---------- THE RECORDS
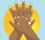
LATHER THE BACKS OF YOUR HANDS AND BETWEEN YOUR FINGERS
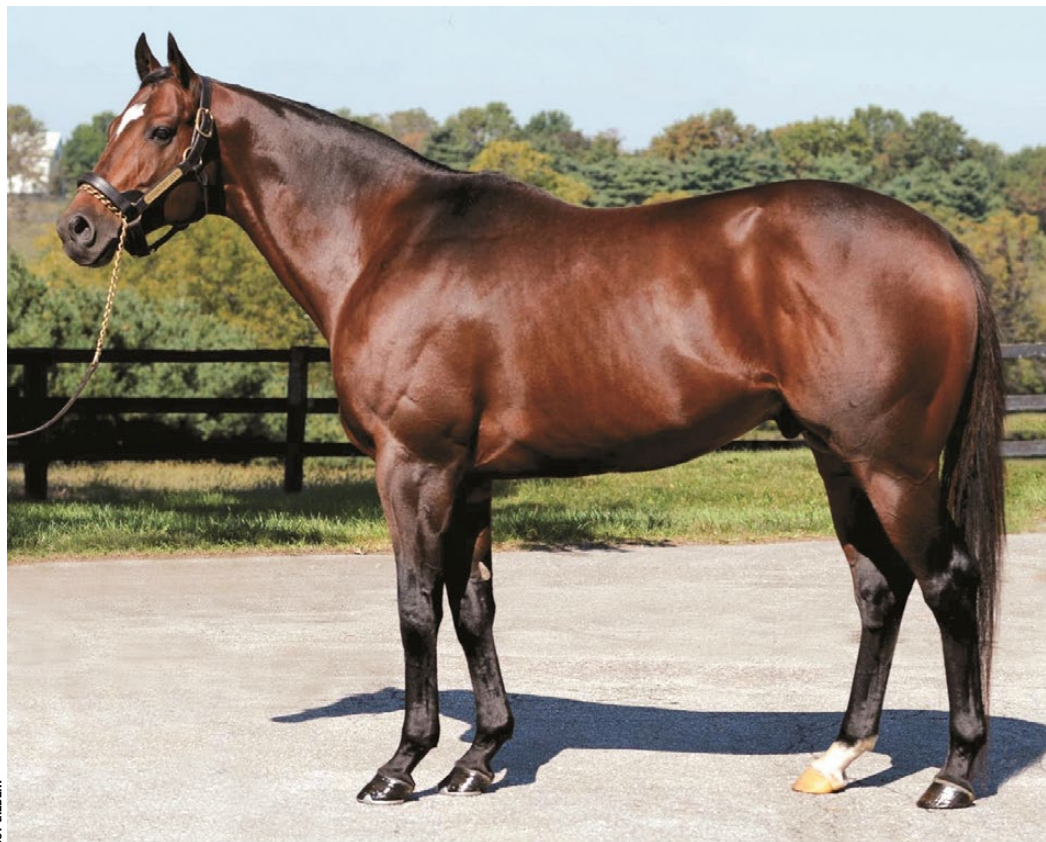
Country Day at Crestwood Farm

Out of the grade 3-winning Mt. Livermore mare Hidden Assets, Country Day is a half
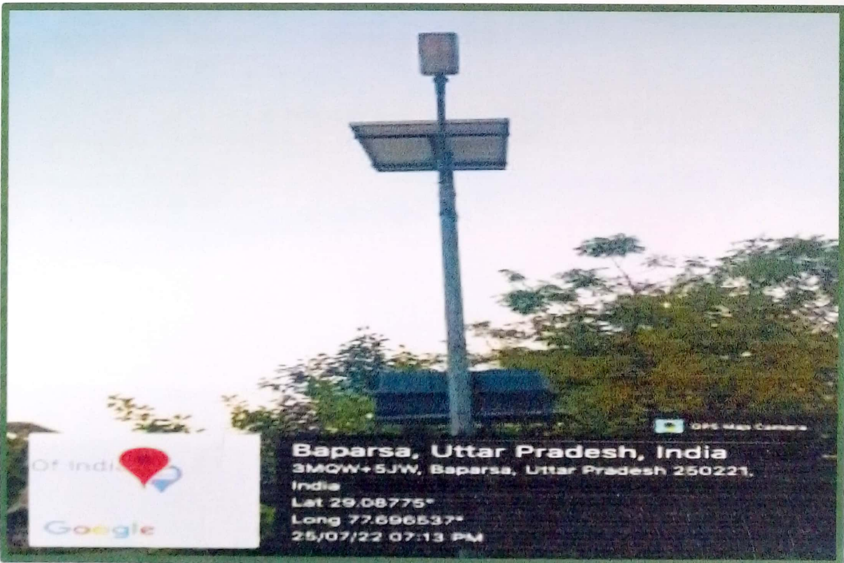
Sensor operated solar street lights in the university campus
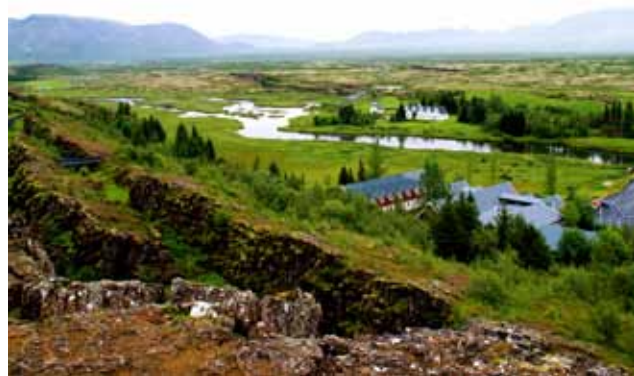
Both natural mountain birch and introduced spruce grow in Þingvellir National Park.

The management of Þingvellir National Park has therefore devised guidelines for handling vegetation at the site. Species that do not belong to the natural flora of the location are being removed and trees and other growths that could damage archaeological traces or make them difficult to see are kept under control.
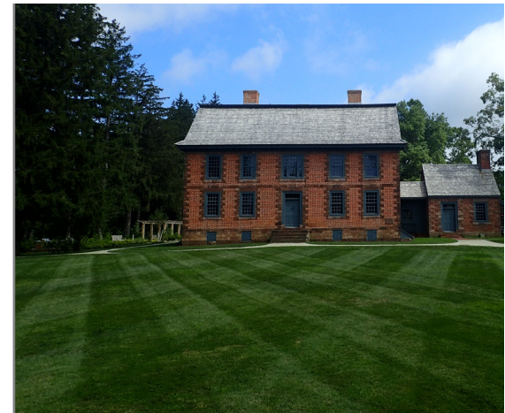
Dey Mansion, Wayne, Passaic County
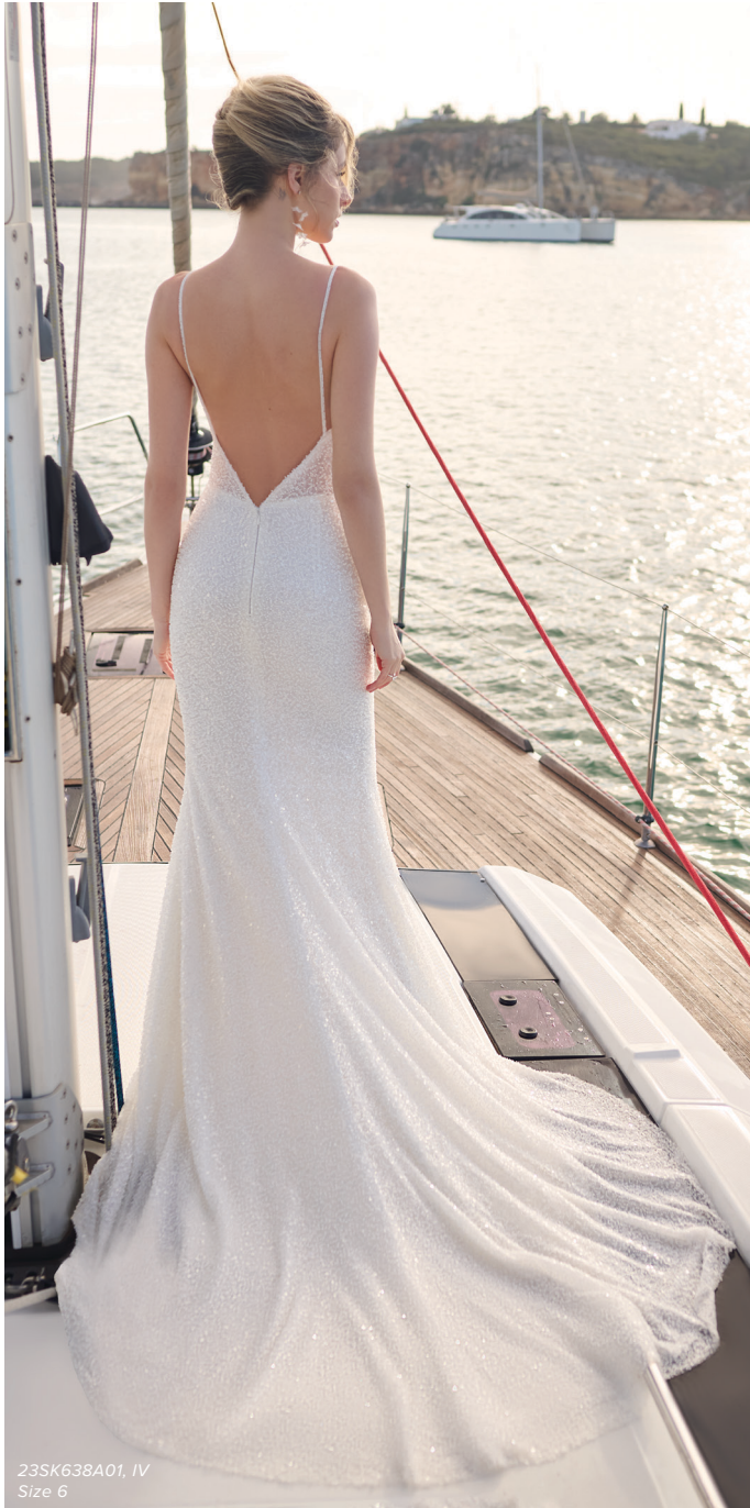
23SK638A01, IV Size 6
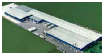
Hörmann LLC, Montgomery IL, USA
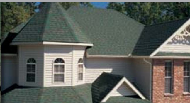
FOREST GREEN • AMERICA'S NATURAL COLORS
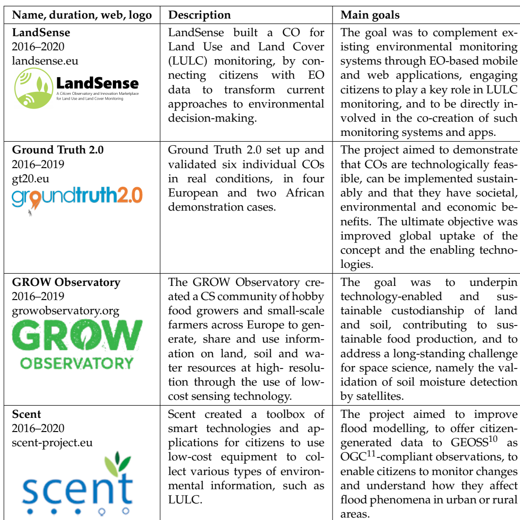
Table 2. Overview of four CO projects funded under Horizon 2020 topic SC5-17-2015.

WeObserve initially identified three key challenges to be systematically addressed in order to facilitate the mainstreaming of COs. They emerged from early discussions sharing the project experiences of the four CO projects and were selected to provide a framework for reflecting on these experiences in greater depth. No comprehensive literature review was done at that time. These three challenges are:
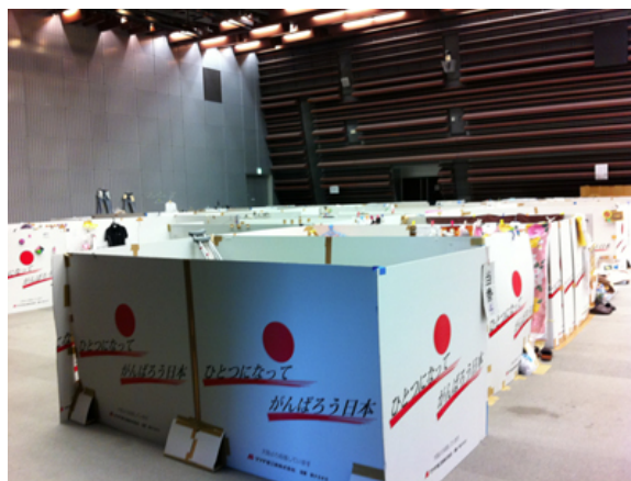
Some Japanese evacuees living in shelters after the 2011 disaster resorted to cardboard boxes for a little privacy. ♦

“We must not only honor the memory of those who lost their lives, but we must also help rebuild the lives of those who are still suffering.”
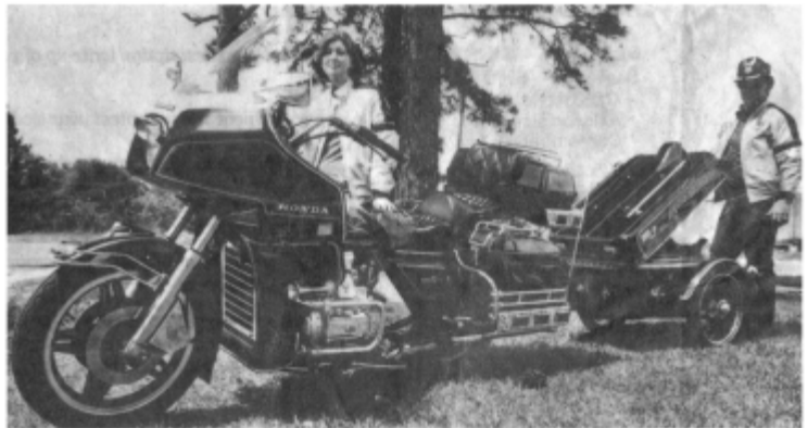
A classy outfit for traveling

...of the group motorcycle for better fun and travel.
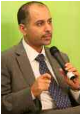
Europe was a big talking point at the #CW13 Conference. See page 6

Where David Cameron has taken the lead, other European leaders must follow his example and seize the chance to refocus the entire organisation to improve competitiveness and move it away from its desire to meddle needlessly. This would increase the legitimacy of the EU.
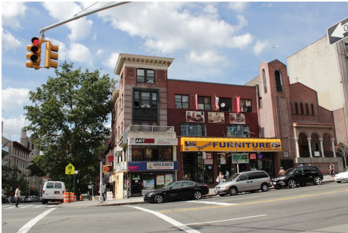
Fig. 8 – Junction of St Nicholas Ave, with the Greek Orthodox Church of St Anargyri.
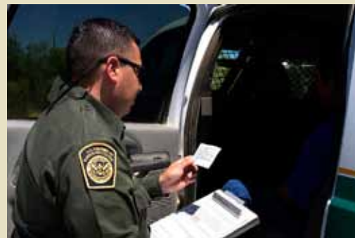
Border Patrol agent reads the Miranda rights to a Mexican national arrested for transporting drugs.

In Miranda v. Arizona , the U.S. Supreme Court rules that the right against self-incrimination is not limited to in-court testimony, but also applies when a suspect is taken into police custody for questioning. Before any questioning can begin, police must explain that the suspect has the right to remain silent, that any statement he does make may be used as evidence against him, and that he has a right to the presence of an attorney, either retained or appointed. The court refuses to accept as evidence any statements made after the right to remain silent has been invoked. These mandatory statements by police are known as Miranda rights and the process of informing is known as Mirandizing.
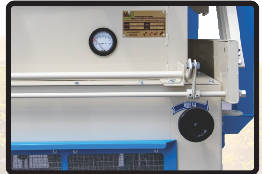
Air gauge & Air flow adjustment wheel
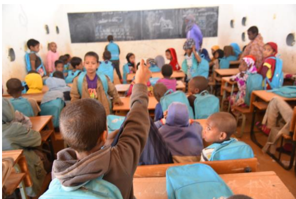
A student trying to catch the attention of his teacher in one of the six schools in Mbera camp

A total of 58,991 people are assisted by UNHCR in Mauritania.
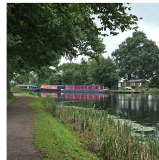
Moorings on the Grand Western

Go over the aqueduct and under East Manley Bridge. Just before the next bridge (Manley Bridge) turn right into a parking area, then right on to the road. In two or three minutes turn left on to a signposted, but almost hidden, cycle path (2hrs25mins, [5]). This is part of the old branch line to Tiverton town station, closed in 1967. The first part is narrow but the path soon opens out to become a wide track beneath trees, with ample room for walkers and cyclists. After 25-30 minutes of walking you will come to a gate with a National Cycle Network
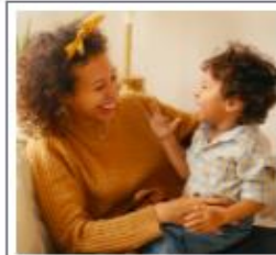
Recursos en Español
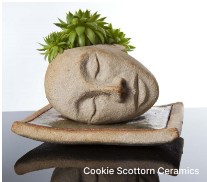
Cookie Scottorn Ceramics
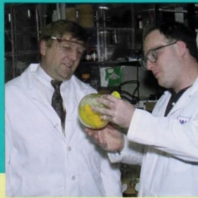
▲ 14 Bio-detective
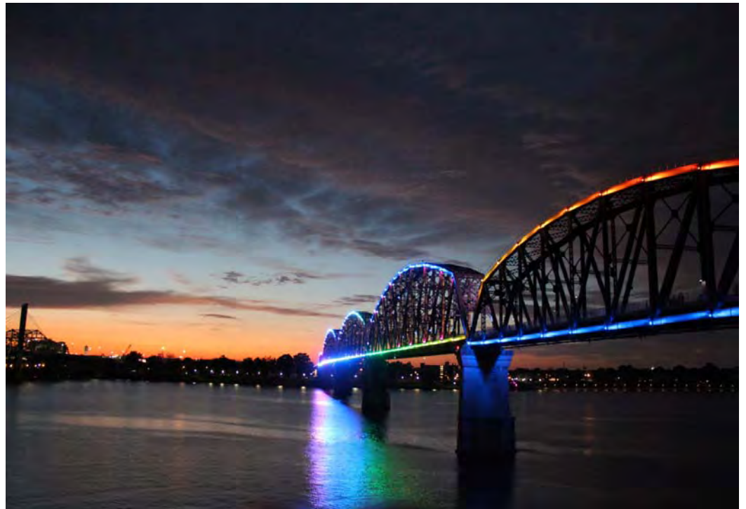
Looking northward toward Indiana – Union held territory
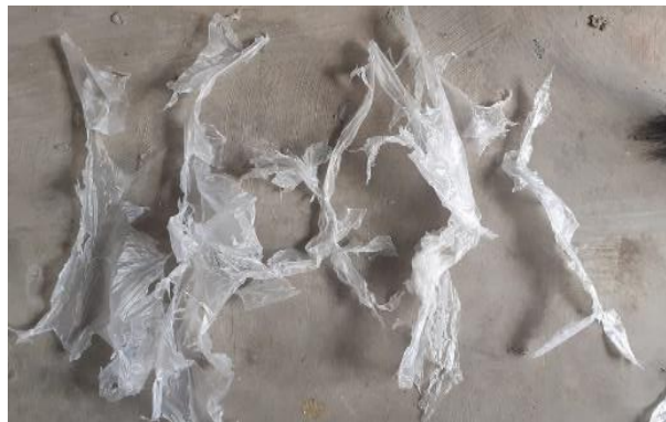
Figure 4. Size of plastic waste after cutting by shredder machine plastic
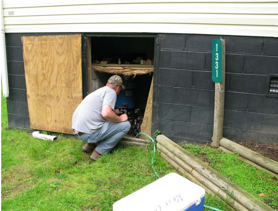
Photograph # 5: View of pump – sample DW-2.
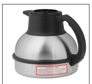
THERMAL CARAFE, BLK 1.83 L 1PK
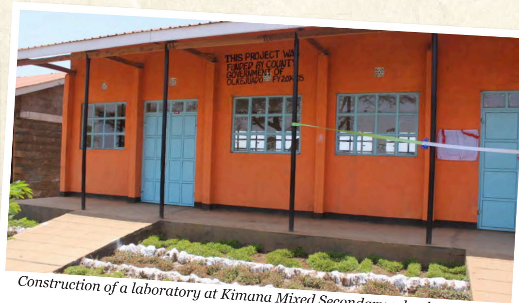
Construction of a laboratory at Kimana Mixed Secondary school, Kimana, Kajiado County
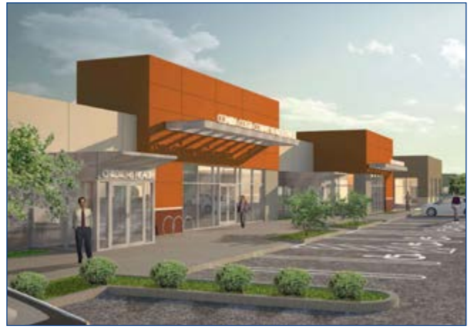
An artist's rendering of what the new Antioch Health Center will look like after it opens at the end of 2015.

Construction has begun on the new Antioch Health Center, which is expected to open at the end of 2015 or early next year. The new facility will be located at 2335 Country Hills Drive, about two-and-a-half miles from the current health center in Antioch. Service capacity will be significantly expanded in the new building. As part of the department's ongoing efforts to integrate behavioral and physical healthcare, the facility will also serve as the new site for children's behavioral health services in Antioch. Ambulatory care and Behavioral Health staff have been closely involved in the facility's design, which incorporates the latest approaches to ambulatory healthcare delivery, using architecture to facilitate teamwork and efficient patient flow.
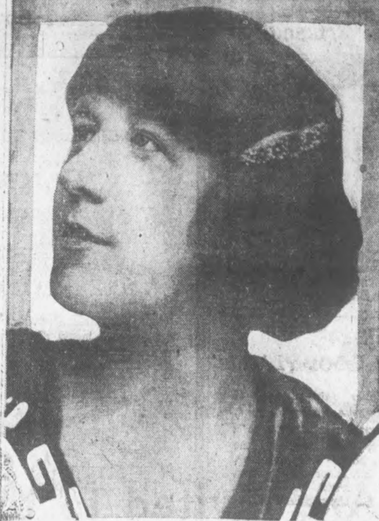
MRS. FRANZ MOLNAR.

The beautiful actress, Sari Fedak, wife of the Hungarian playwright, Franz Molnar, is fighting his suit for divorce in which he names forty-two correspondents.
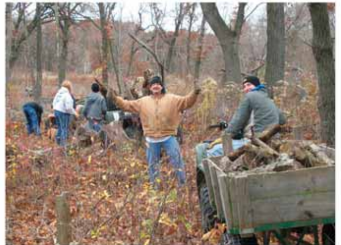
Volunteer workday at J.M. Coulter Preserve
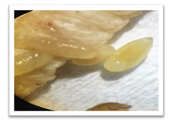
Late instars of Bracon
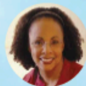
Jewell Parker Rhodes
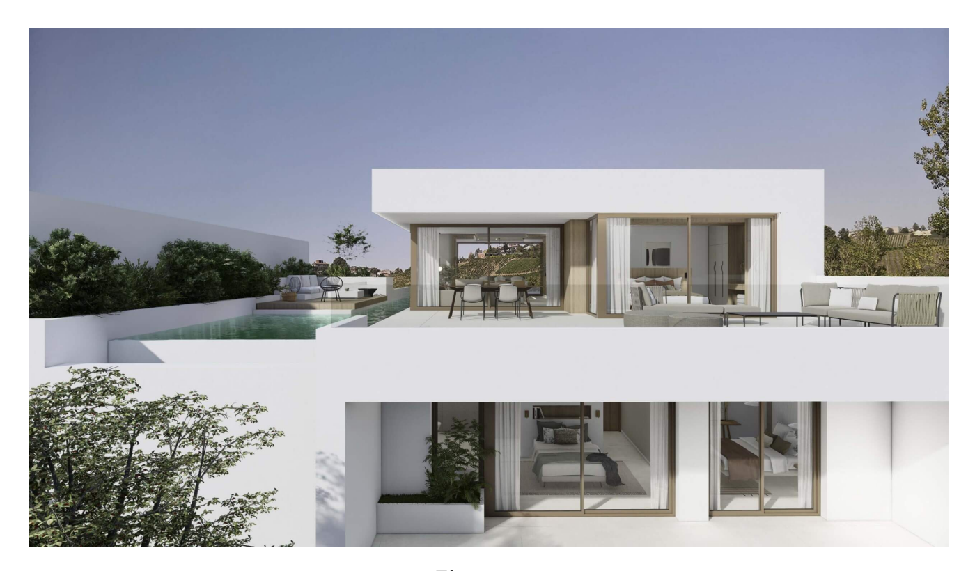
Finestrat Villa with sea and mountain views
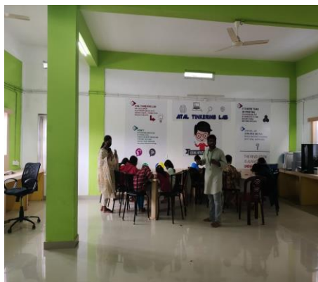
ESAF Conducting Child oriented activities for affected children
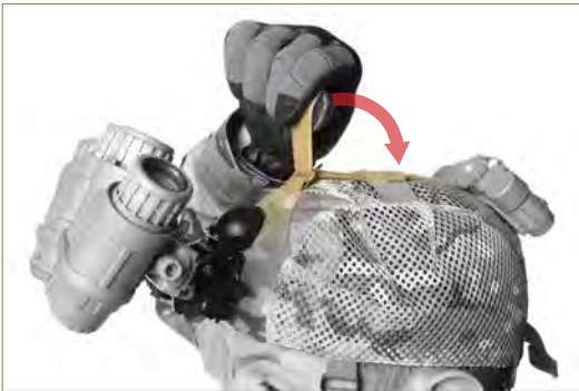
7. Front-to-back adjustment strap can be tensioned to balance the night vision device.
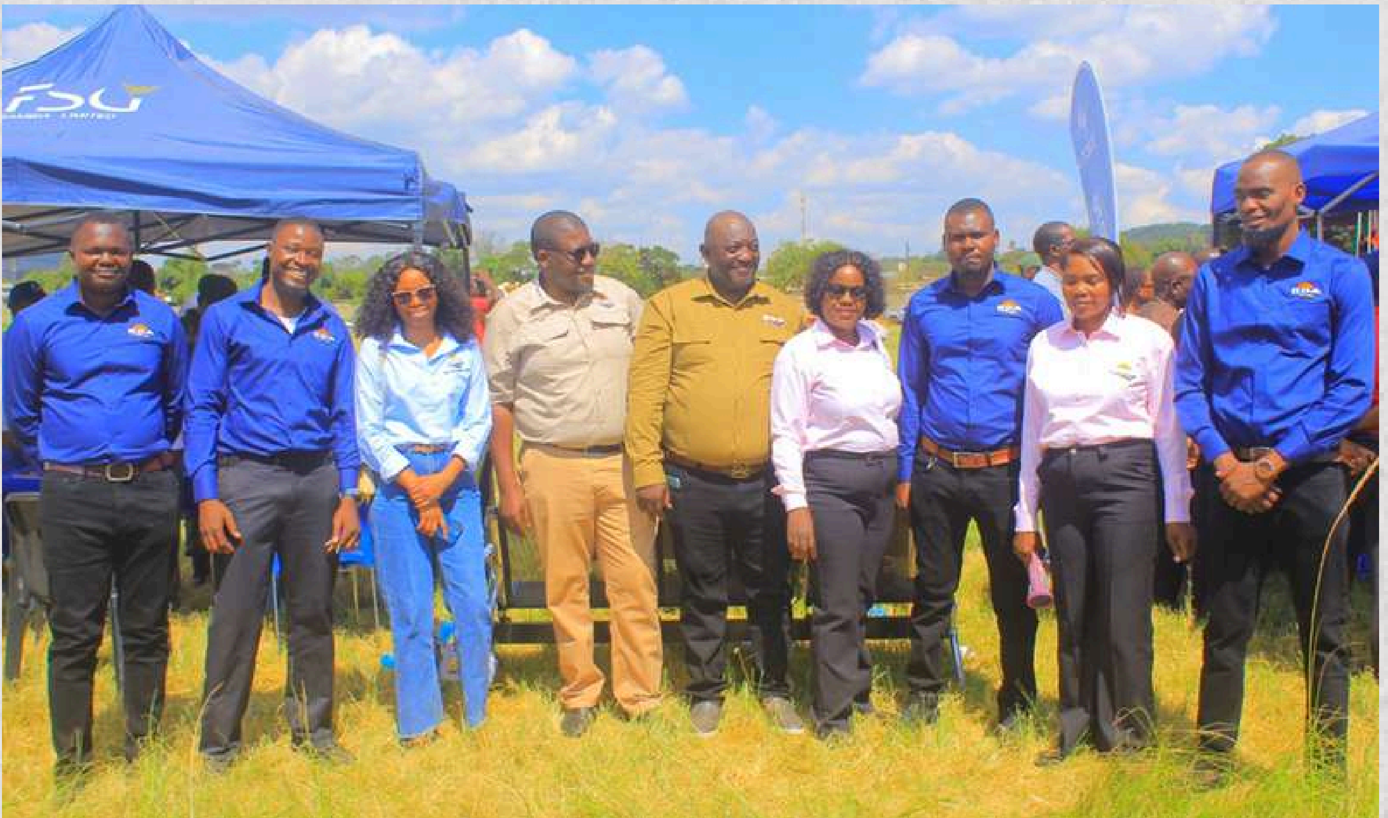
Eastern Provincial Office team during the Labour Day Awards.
--------------------
▶ REQUIRED WORK
Would you give again, exactly, the lines in the data above that run from the line containing "23SK638A01, IV Size 6" to the line containing "Table 2. Overview"? Include both ends and no pictures.

▶ ANSWER AREA
23SK638A01, IV Size 6
Hörmann LLC, Montgomery IL, USA
FOREST GREEN • AMERICA'S NATURAL COLORS
Table 2. Overview of four CO projects funded under Horizon 2020 topic SC5-17-2015.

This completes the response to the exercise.